MSCI’s Approach to Tax Risk Management and Governance Arrangements

Executive responsibility for MSCI’s tax strategy, tax risk and the supporting tax governance framework is the responsibility of the Chief Financial Officer (CFO).  Day to day responsibility for these functions sits with the Head of Tax who reports to the CFO. The MSCI tax department consists of qualified and experienced finance professionals and works with the global controller’s organization, which is similarly staffed, to manage MSCI’s tax affairs globally.

MSCI has robust internal procedures and compliance programs to ensure we meet our tax compliance responsibilities. Those procedures are reviewed and tested by MSCI’s internal audit department and the tax department regularly reports to MSCI’s enterprise risk function to assess developing risk areas.

Ultimate oversight of MSCI’s tax policies and risk is by the audit committee of the independent board of directors and the Head of Tax regularly updates the audit committee on all significant tax matters and developments.

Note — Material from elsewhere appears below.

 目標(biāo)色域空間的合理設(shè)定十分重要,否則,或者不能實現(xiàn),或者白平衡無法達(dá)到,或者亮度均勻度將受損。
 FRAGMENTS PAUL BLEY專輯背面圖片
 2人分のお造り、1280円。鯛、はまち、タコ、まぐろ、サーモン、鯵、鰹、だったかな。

MSCI requires every employee to certify annually their commitment to the company’s code of conduct which stresses our commitment to ethical, transparent and responsible behavior in everything we do. MSCI’s approach to tax is aligned with the code of conduct.

MSCI’s Attitude to Tax Planning

MSCI recognizes that it has a responsibility to pay an appropriate amount of tax in each of the jurisdictions in which it operates. Against this MSCI must balance its responsibilities to maximize MSCI’s sustainable returns to shareholders. MSCI will not undertake any tax planning that cannot be sustained by the commercial requirements of the group and does not have economic substance. MSCI will not undertake any tax planning unless MSCI believes that the strategy is compliant and more likely than not to succeed.

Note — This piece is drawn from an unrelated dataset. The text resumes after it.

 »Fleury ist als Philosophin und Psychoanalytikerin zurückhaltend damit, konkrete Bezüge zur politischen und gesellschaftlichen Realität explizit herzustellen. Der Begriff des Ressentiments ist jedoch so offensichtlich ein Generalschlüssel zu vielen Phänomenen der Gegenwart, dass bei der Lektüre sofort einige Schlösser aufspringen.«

MSCI’s Attitude Towards  Risk

MSCI sees compliance with tax legislation as key to managing MSCI’s tax risk. MSCI’s strategic aim is to be complaint in all jurisdictions with regard to taxes and to come into compliance as soon as practical once MSCI is aware of a risk in a particular jurisdiction. Where there is significant uncertainty or complexity relating to an identified risk, external professional tax advice may be sought. MSCI uses reputable tax advisers to assist it meet its tax compliance responsibilities where it does not have appropriate local resources internally.

MSCI’s Approach to Dealing with Tax Authorities

MSCI engages with tax authorities in a transparent manner, with the highest degree of integrity, in order to foster cooperation and trust. MSCI seeks to resolve any disputes through pro-active discussion and negotiation with the tax authority.